The model is more flexible than that


If necessary, the linear regression model can be extended to capture quadratic relationships. For this, the model takes the following form:

\[\hat{Y}_i = \hat{\beta}_0 + \hat{\beta}_1 T_i + \hat{\beta}_2 T^{2}_i \]

  • Where \(T^{2}_i\) is the squared value of the time index.

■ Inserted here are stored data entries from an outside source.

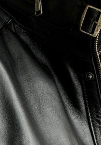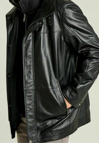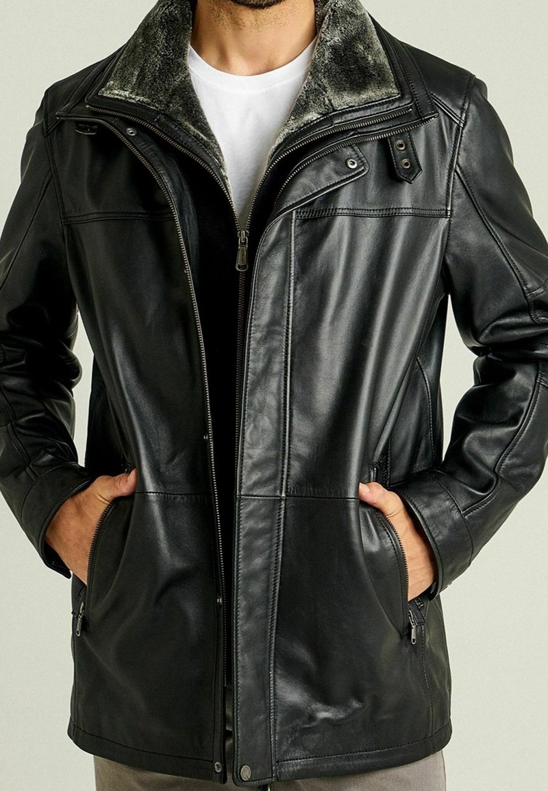 Homme portant une veste en cuir noire avec col doublé de fourrure, chemise blanche à l'intérieur, mains dans les poches avant zippées, debout devant un fond uni.
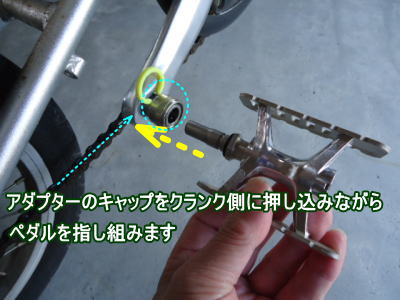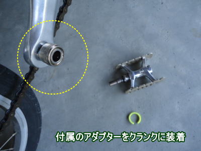 付属のアダプターをクランクに装着、ペダル本体はカンタンに手で脱着可能。
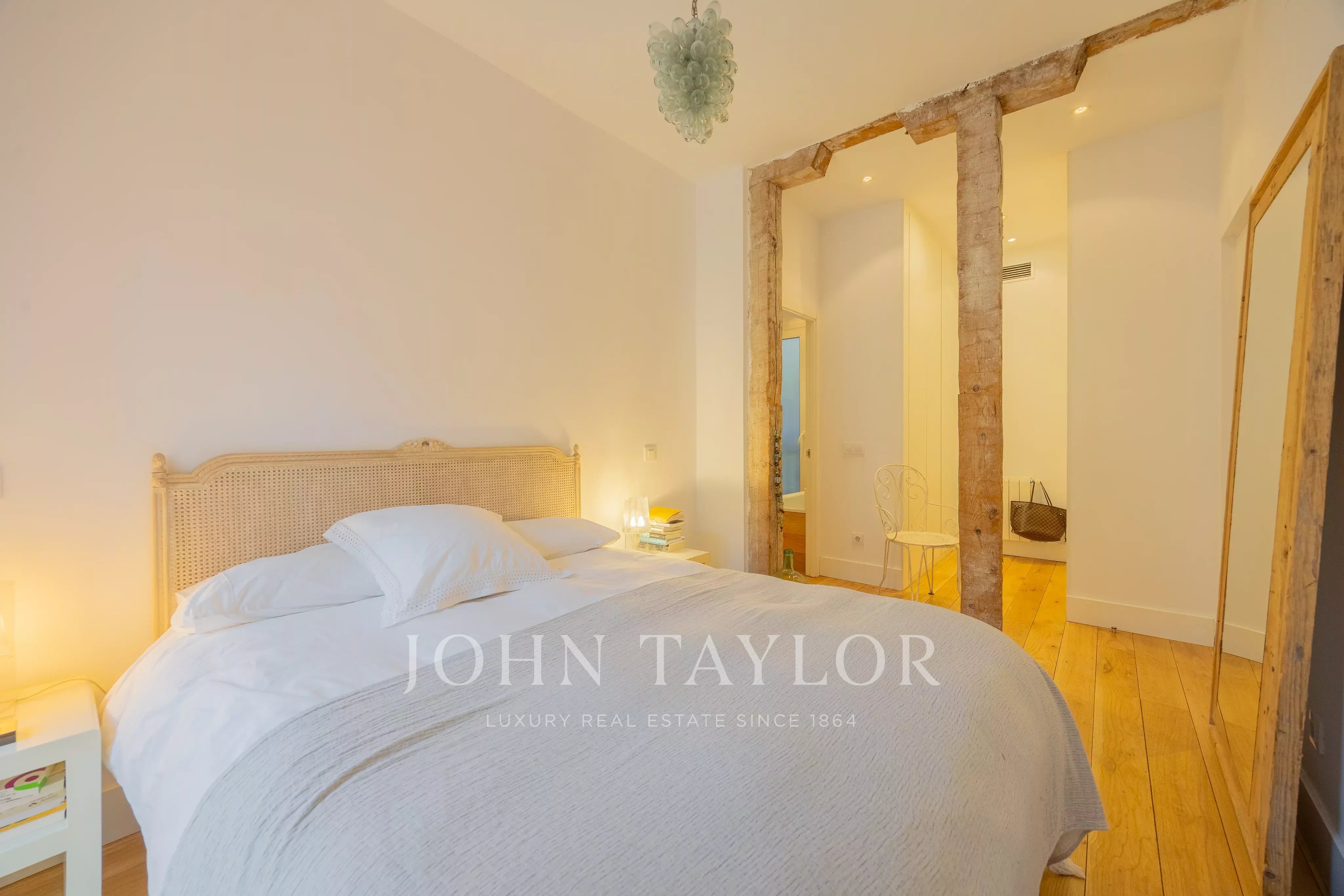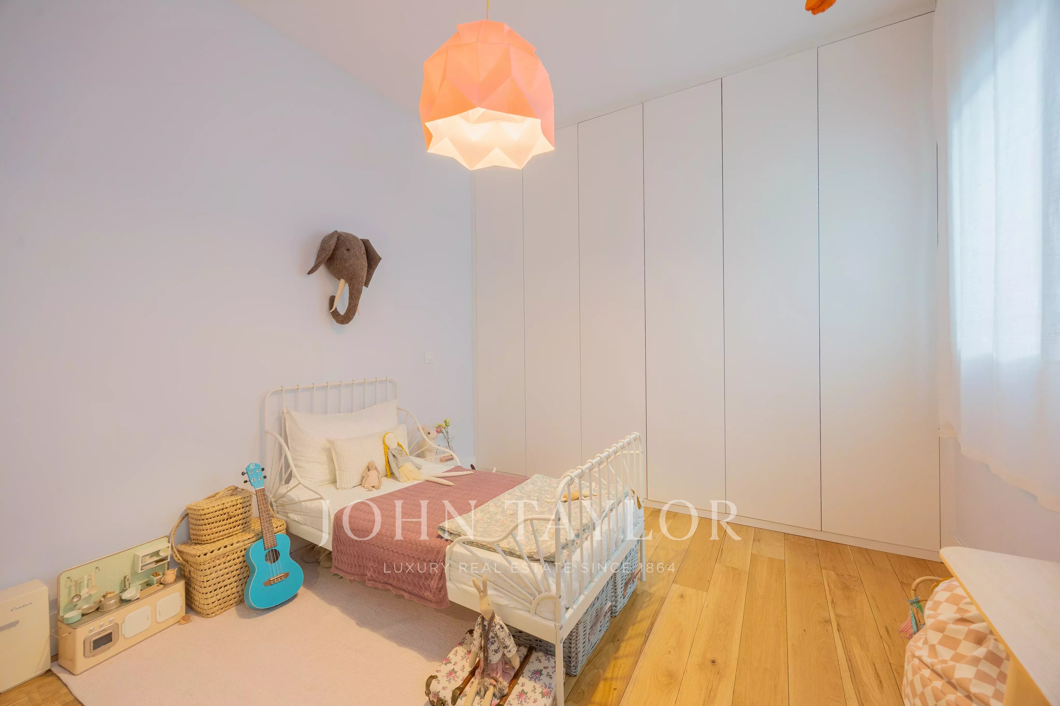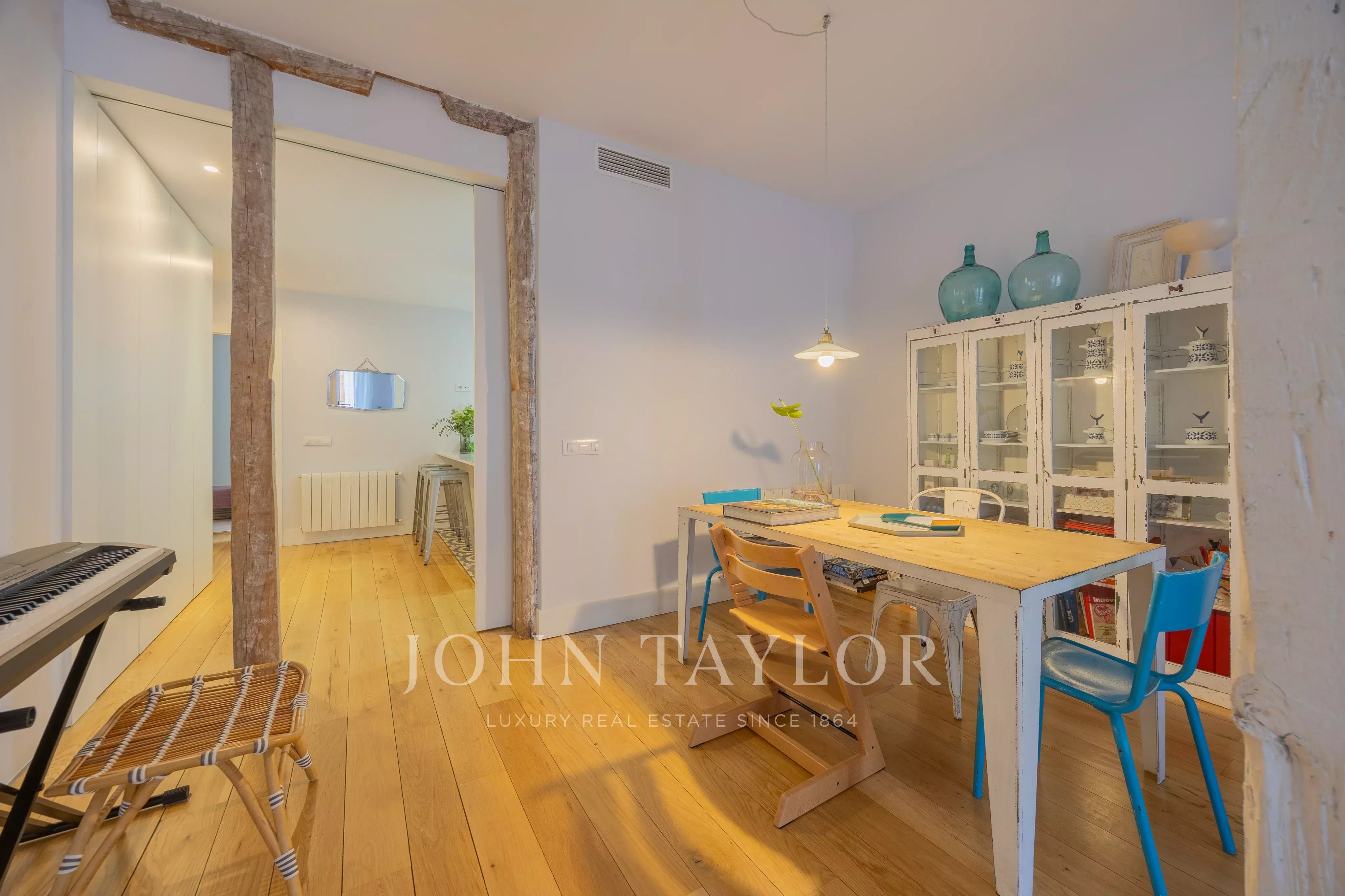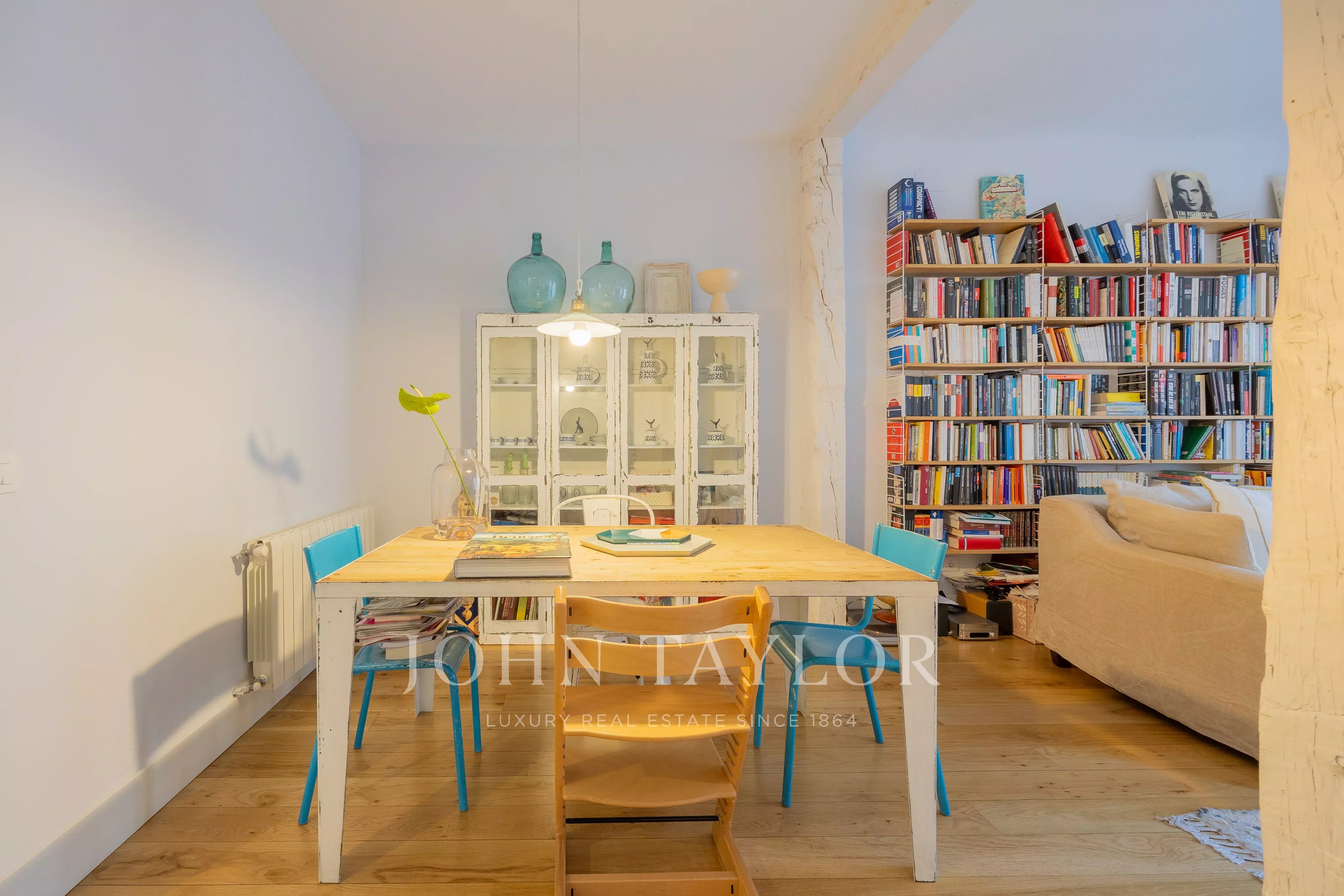 L'appartement se trouve dans un bâtiment à façade classique du XIXe siècle, avec une entrée soignée qui conserve l'ancienne passerelle pour calèches, un élément architectural de grande valeur apportant distinction et authenticité au bien.

  • \(\hat{\beta}_2\) is a term that captures possible curvature in the time series.

In Python

To include a quadratic term, we must augment our predictor matrix with an additional column. The following code shows how to augment X_full by the square of the Amtrak_data['t'] column. This is done using the pandas .concat() function. The resulting matrix is stored in X_quad.

X_quad = pd.concat([X_train, Amtrak_train['t']**2], axis = 1)

Next, we follow the same steps to fit this model.

# 1. Create linear regression model
QuadmodelAmtrak = LinearRegression()

# 2. Fit linear regression model
QuadmodelAmtrak.fit(X_quad, Y_train)


We show the estimated coefficients in Python.

print("Intercept = ", QuadmodelAmtrak.intercept_)
print("Coefficients = ", QuadmodelAmtrak.coef_)
Intercept =  [1866.84019635]
Coefficients =  [[-4.64563238  0.03397778]]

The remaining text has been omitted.